Sammy Tirop

Medal record

Men's athletics

Representing Kenya

Commonwealth Games

Goodwill Games

= Sammy Tirop =

Kenyan middle-distance runner

Samuel Tirop (born 13 January 1959 in Nandi District) is a former Kenyan middle-distance runner who ran in the 800 metres.

Tirop's first major medal came at the 1986 Goodwill Games, where he was his country's sole medallist with his bronze in the 800 m. His career coincided with a period of Kenyan dominance in men's middle-distance running: Kenyans won all the major titles from 1987 to 1992 through runners such as Billy Konchellah and Paul Ereng. As a result, he frequently missed out on major competitions due to the high calibre of opposition at the national level.

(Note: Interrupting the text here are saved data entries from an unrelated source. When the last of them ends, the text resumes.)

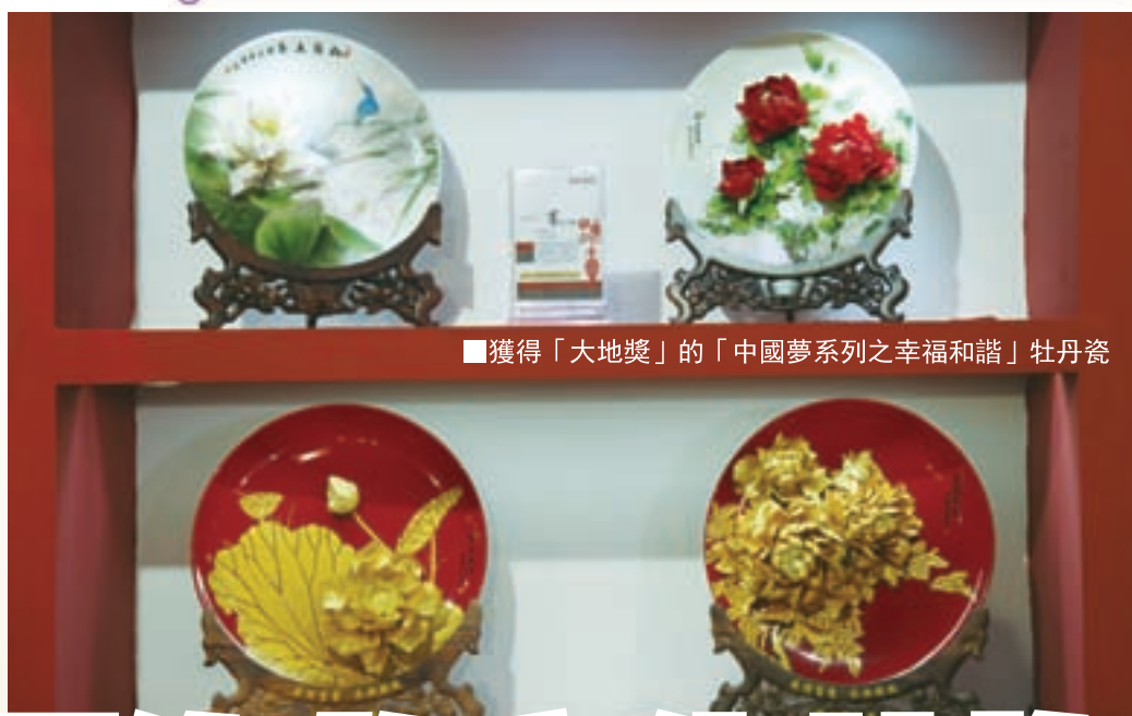
■獲得「大地獎」的「中國夢系列之幸福和諧」牡丹瓷

在他身上，我們感受到了河南人堅毅、執著、善學、認真、迎接挑戰的性格。相信他一定會有更大的成功，他的牡丹瓷事業之路會越走越廣闊，並將這一新的歷史文化符號傳承下去，留給歷史。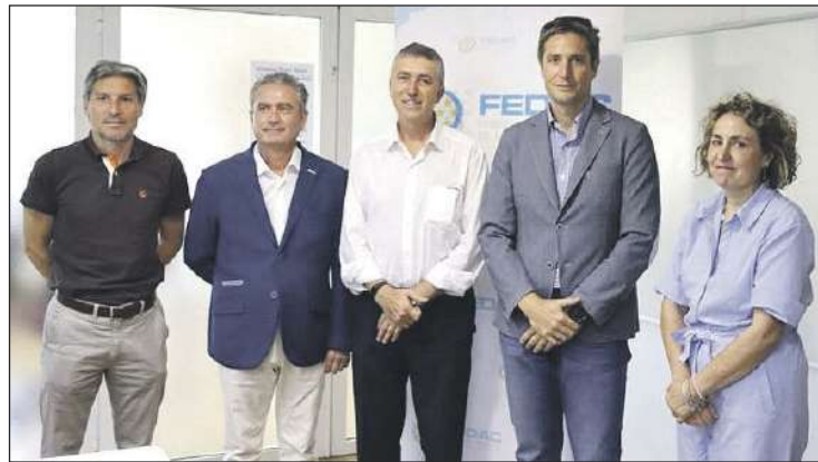
Representantes de la Plataforma por la Reindustrialización Territorial junto al consejero de Economía y la directora del Ivace, el 28 de julio en Alcoi

La Plataforma y la Conselleria están de acuerdo en mantener el encuentro en el ámbito autonómico y localizado en un lugar geográfico centrado en el mapa del territorio para favore-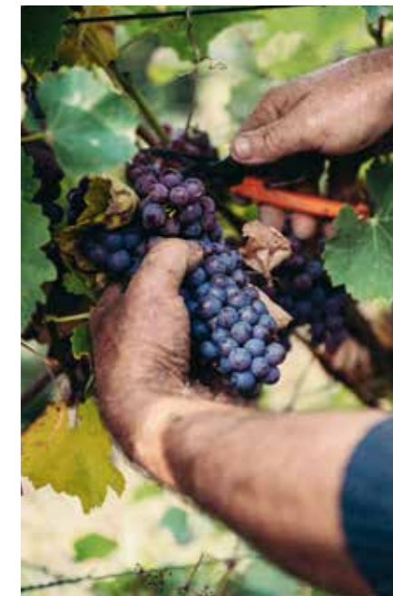
Jetzt sind die Trauben reif für die Ernte.

Ort: Ihringen, Liliental, Brunnen Uhrzeit: 10.00 Uhr zumkraeutergaertle-ihringen.de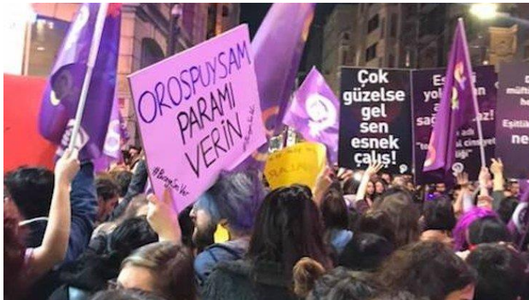
Şekil 3. Feminist gece yürüyüşünden bir pankart

Kodlanan toplam 4192 gönderinin %7'lik (n: 310) kısmını radikal feminist unsurlar içeren pankartların eleştirisi oluşturmaktadır. Bu eleştirilerin büyük çoğunluğu (n: 300) olumsuz iken yalnızca 7 tanesi olumlu ve 3 tanesi nötr içeriğe sahiptir. Açılan pankartlardan özellikle "Sürtüğe Bak", "Yılın En Büyük Sürtüğü", "Yakamadığınız Cadıların Torunlarıyız" ve "Orospuysam Paramı Verin" gibi kasten kışkırtıcı içeriğe sahip olanlarının konuya dikkat çekme ve diyalog başlatma görevlerini yerine getirerek oldukça başarılı oldukları söylenebilir.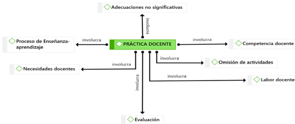
Figura 1. Red semántica sobre la práctica docente desde la perspectiva del profesor.

La siguiente figura permite visualizar las conexiones entre los códigos o conceptos identificados en esta categoría: adecuaciones no significativas, proceso de enseñanza-aprendizaje, competencia docente, omisión de actividades, labor docente, evaluación, necesidades docentes y nuevamente proceso de enseñanza-aprendizaje.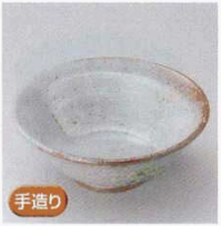
10405-574 粉引刷毛3.0反鉢 650円 (9.5×3.5cm)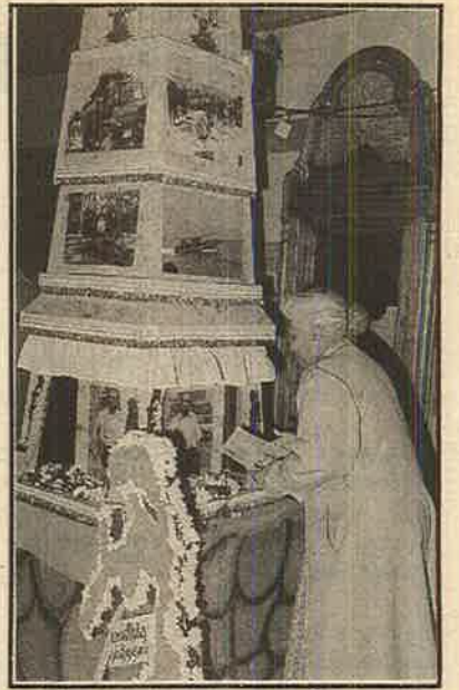
கடமை இருப்பதையும் நினைவுட்டக்கூடிய வகையில் நெறிப்படுத்தப்பட்டிருந்தது.

'விடியலின் சுவடுகள்' என்ற நாடகம், மண்ணை-மக்களை - போராடிகளை நேசிக்க வேண்டிய தேவையையும் ஒவ்வொரு தமிழ் மகனுக்கும் மகளுக்கும் ஏதோ ஒரு வகையில் போராட்டத்தில் பங்கெடுக்க வேண்டிய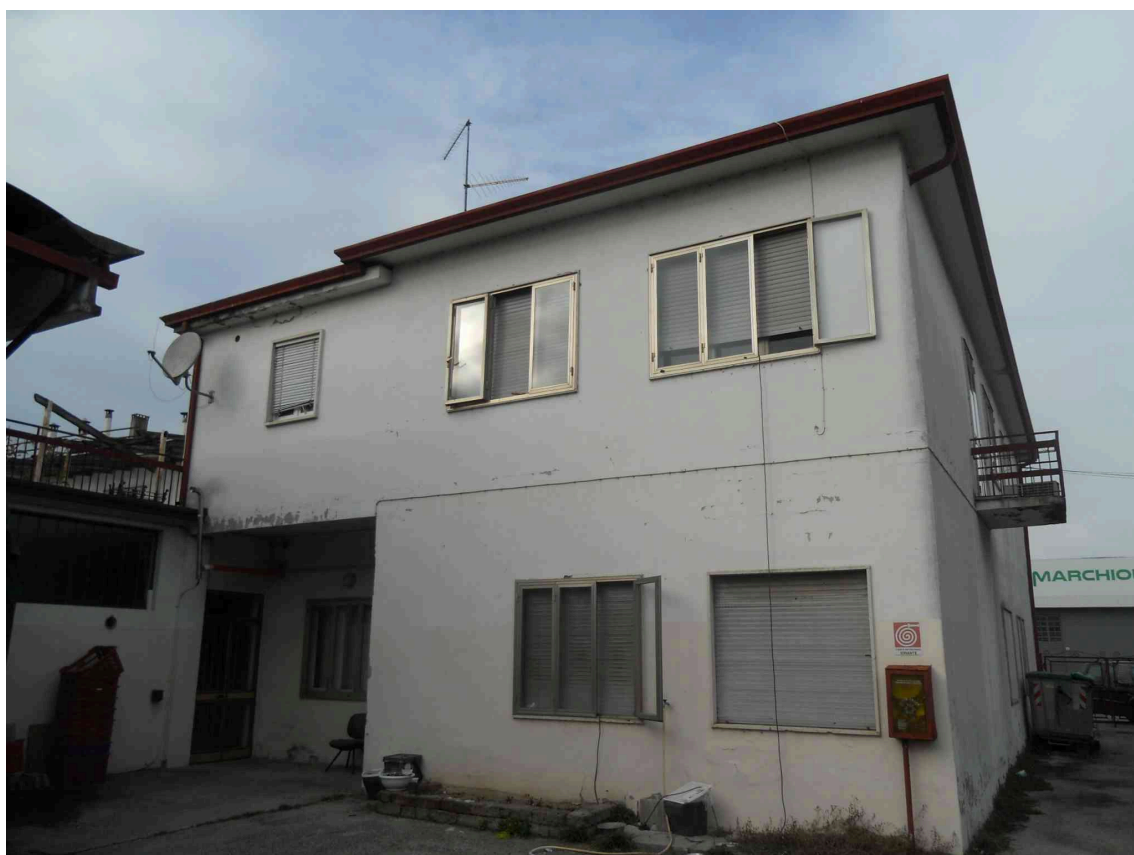
VISTA VERSO LA PALAZZINA CON GLI APPARTAMENTI AL P. 1°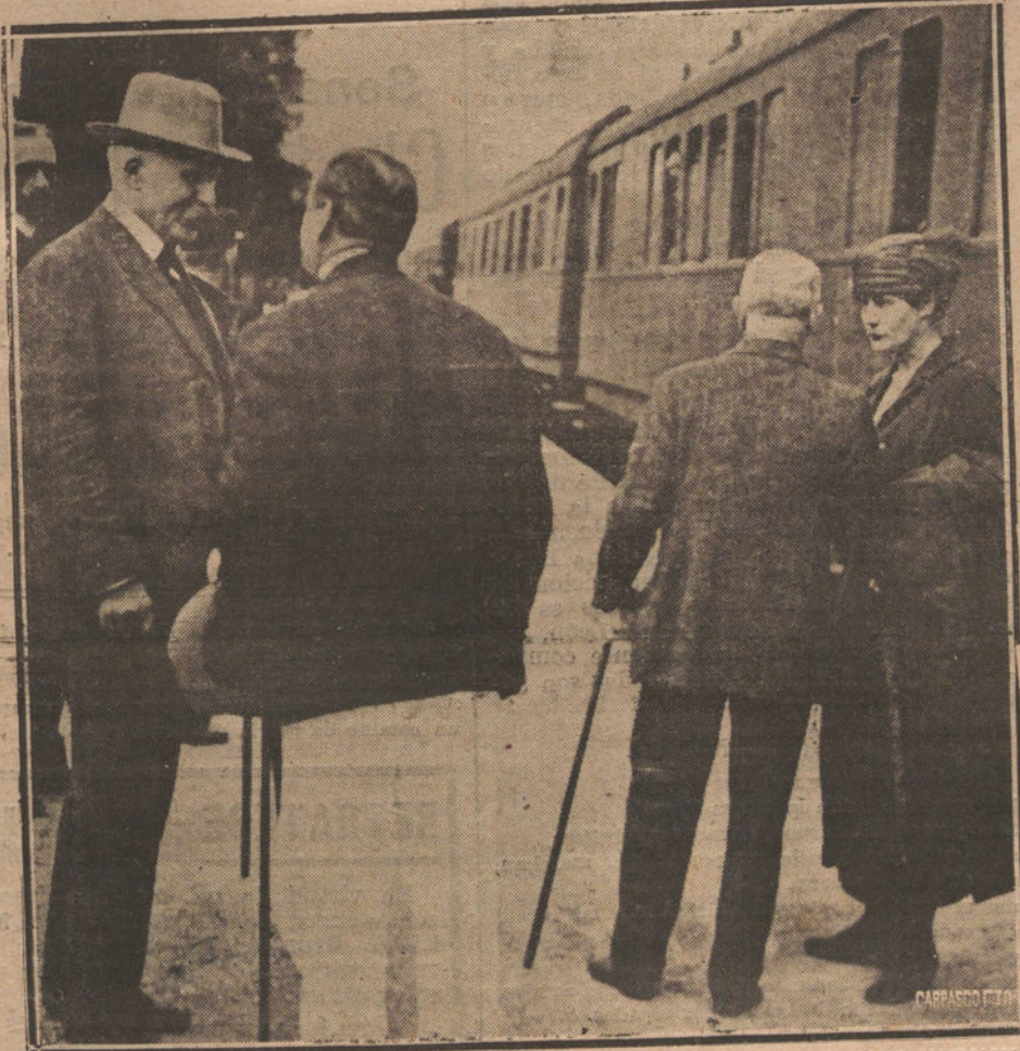
LA BODA DEL MARISCAL PETAIN CON MADAME HARDOU.—EL DEFENSOR DE VERDUN SU ESPOSA A SU LLEGADA A ANTIBES.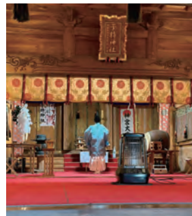
元旦のご祈祷の様子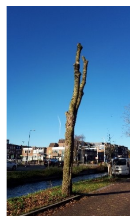
Figuur 2: Veiliggestelde boom

Om het financieel tekort zo klein mogelijk te houden maar wel de veiligheid te waarborgen is het noodzakelijk geweest om dit najaar niet alle dode en gevaarlijke bomen te verwijderen maar waar mogelijk alleen veilig te stellen. Het veiligstellen houdt concreet in dat bij bomen die normaal verwijderd zouden worden nu alle takken worden afgezaagd en dat daarmee een kale stam blijft staan, Figuur 2. Waar dit echt niet anders kon is de boom wel direct verwijderd. Het bepalen van deze maatregelen gebeurt op basis van boomveiligheidscontroles, uitgevoerd door gecertificeerd personeel.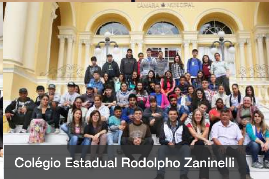
Colégio Estadual Rodolpho Zaninelli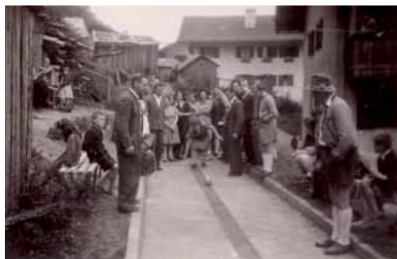
Kegelbahn in der Tratzbergsiedlung, ca. 1950, von den Südtiroler Optanten gebaut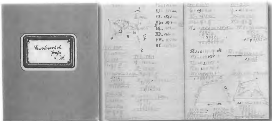
Naslovna stran šolskega zvezka nemške šole iz leta 1943.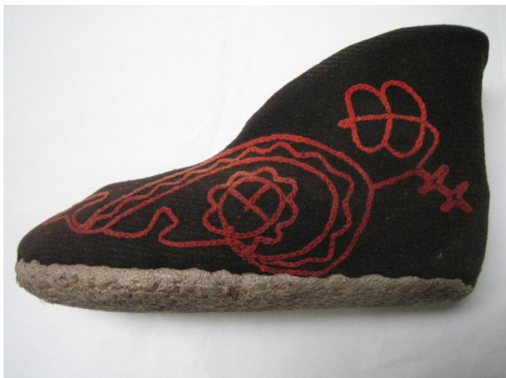
Kuva 40. Tallukan tapaan valmistettu aamutossu (68:1–2). (AL)

Aunuksen työtuvalla valmistettiin tallukkaperiaatteella myös tohveleita sisäkäyttöön. Niihin valmistettiin pohja samalla tavalla, kuin ulkokäyttöisiin tallukkaisiin. Muuten sisäkäyttöön tarkoitettut tallukkaat eivät olleet yhtä paksuja. Tohveleita koristeltiin lisäksi ketjuvirikkauskirjonnalla. 282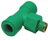
สามทางเกลียวนอก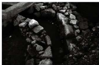
(4) 区画溝 156-145 (南東から)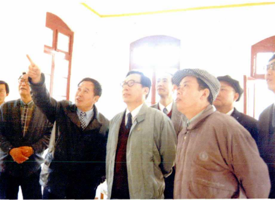
电力部副部长陆延昌 (右二) 来局视察工作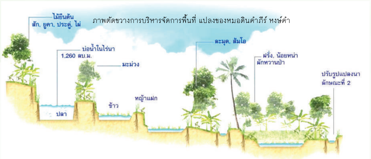
ภาพตัดขวางการบริหารจัดการพื้นที่ แปลงของหมอดินคำภีร์ หงษ์คำ

หมอดินคำภีร์ หงษ์คำ นำความรู้ต่าง ๆ มาวางแผนการปลูกพืชยึดหลัก ได้แก่ “ปลูกพืชตามดิน” โดยกำหนดพื้นที่ปลูกพืชคือ ตอนบน พื้นที่ ต้นน้ำ เน้นปลูกไม้ผล ไม้ยืนต้น แนวคิดที่นำมาใช้คือ ปลูกป่า 3 อย่าง ประโยชน์ 4 อย่าง สร้างแหล่งกักเก็บน้ำฝายชะลอน้ำเพื่อลดความเร็วของน้ำ กลางน้ำ ปลูกพืชเศรษฐกิจเพื่อจำหน่ายเป็นหลัก เช่น มะม่วง ส้มโอ ฝรั่ง และมีการทำคันคูน้ำเพื่อหมุนเวียนน้ำในพื้นที่ตอนกลางมากที่สุด เพิ่มการกระจายความชุ่มชื้น เกิดการใช้น้ำให้เกิดประโยชน์สูงสุด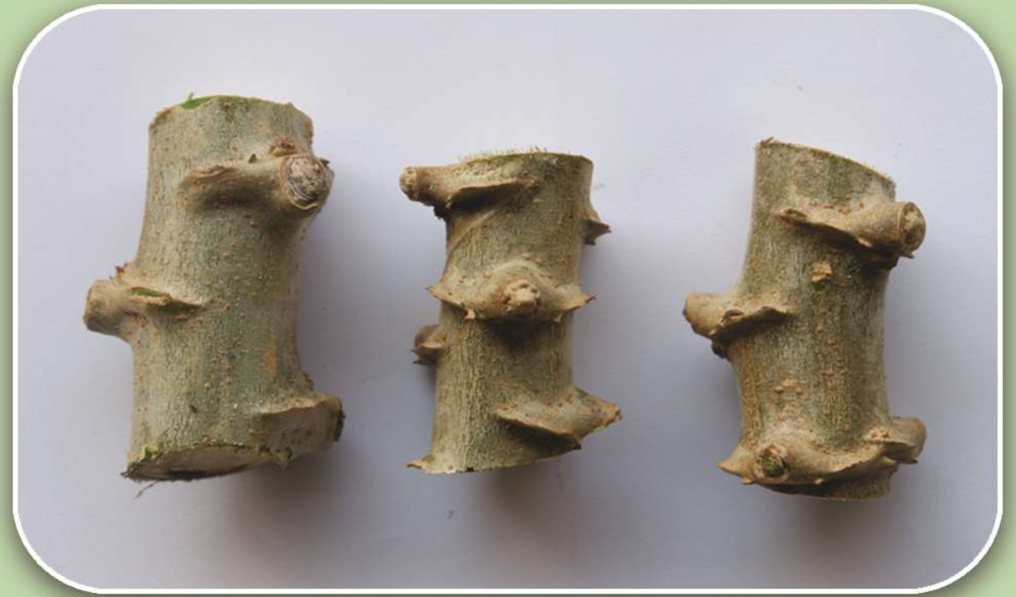
ตัดเป็นท่อนยาวท่อนละ 6 - 8 เซนติเมตร

“ การขยายพันธุ์มันสำปะหลังปลอดโรคใบด่าง ด้วยวิธีเร่งรัด X20 หมายถึง การขยายพันธุ์มันสำปะหลังที่ได้ต้นพันธุ์เพิ่มขึ้น 20 เท่า เป็นวิธีการที่สามารถทำได้ง่าย โดยในเวลา 1 เดือน จะได้ต้นพันธุ์มันสำปะหลังถึง 20 ต้น ซึ่งมีประสิทธิภาพเพิ่มขึ้น จากวิธีขยายพันธุ์มันสำปะหลังแบบเดิมซึ่งมันสำปะหลัง 1 ลำ จะขยายพันธุ์ได้เพียง 4 - 5 ต้นเท่านั้น ”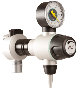
Bsp.: Skua 2.0 -90 Schienengerät AIR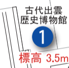
県立古代出雲博物館 標高 3.5m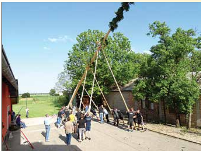
Postavljanje majskega drevesa po starih običajih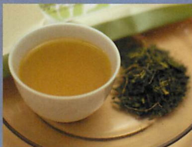
秋摘み茶葉100%のレアもの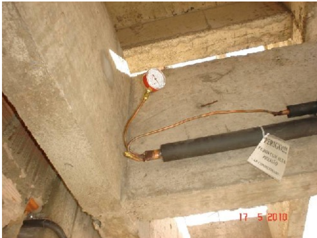
Detalhe do manômetro para verificação da pressão do gás refrigerante R410-A da tubulação frigorígena.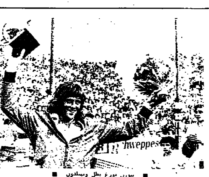
سورن بورغ يل ويمبلدون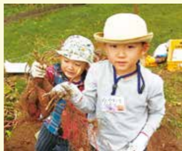
▲ファミリー自然体験隊(秋)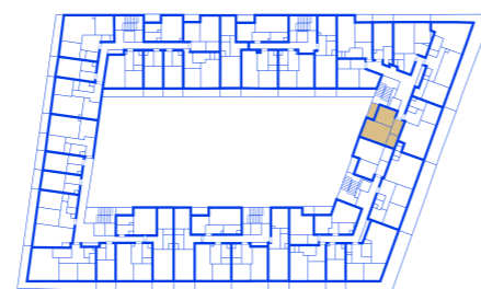
schéma umístění bytu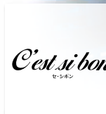
プライベートルーム【セ・シボン】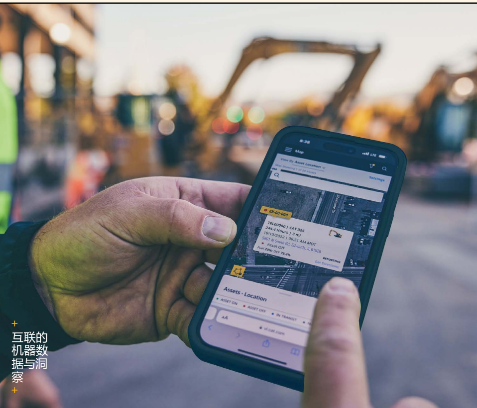
互联的机器数据与洞察

最终成效: 协调负担更轻、中断情况更少, 同时让您放心, 每次维护工作都精准到位。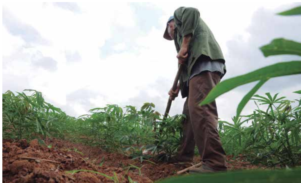
Incorporar áreas a la producción es una de las maneras de mejorar la disponibilidad de alimentos.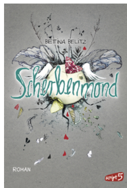
Splitterherz – Scherbenmond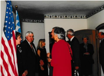
1997: Besuch Botschafter Kornblum beim US-Generalkonsul George Glass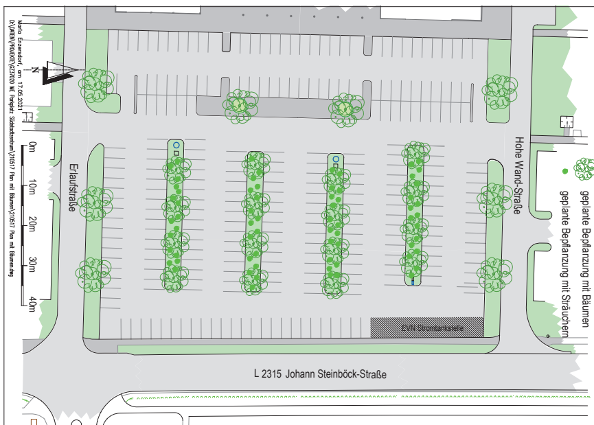
Strukturplan Bepflanzung Parkplatz Südstadt.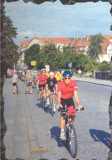
PŘÍLOHA 1/2000 KALENDAŘ CYKLOAKCÍ 2000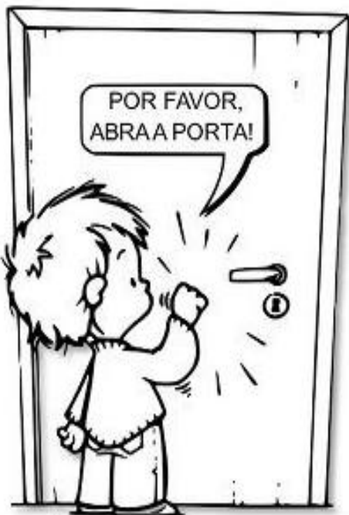
BATER À PORTA ANTES DE ENTRAR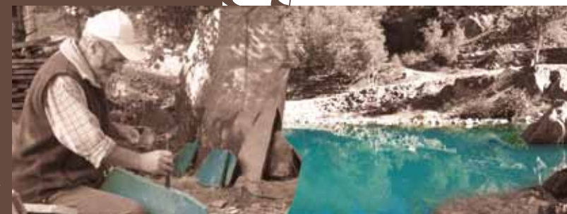
Un lauzeron du Lac Bleu

OT du pays du Mézenc et de la Loire Sauvage www.mezencloiresauvage.com Bureau d'accueil Les Estables 04 71 08 31 08 info@mezencloiresauvage.com Topoguide " Volcans des deux mondes " pour la balade géologique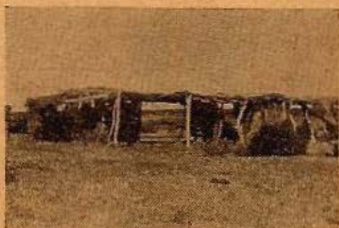
Fig. 3. Rancho abandonado. Paredes de junquillo y chilca. La Balsita - Guanacache - Lavalle.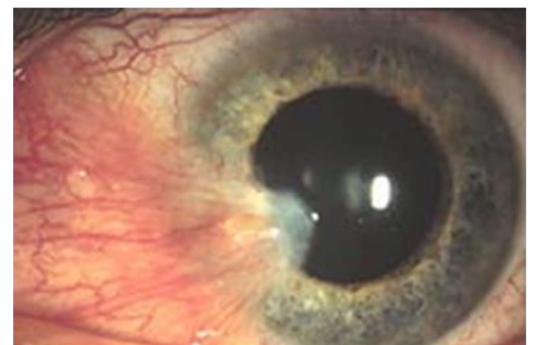
Figuur 1: Pterygium

Een pterygium komt ook vaker voor bij mensen die veel buiten hebben gewerkt. Een enkele keer is een pterygium een bijverschijnsel of gevolg van ontstekingen aan het hoornvlies en/of de harde oogrok (sclera).

He won at the East and Central African Championships in 1989 and in December he managed second at the 1989 Kenyan Trials for the Commonwealth Games, running a personal best of 1:44.3 minutes which ranked him eleventh in the world that year. Largely unknown outside of his home nation, he went on to upset both Nixon Kiprotich and Sebastian Coe to win the 800 m at the 1990 Commonwealth Games in Auckland. When asked how he had achieved such a feat at the age of 31 with little international experience, he responded that he was typically fourth or fifth at the Kenyan Championships behind World and Olympic champions for opposition.

When the trials for the 1992 Barcelona Olympics came, Tirop again missed out on selection. Renowned Kenyan running coach Brother Colm O'Connell remarked: "You had the Olympic champion, Ereng; the world champion, Konchellah, and the Commonwealth champion, Sammy Tirop, and none of them made the team. That's what running in Kenya is like."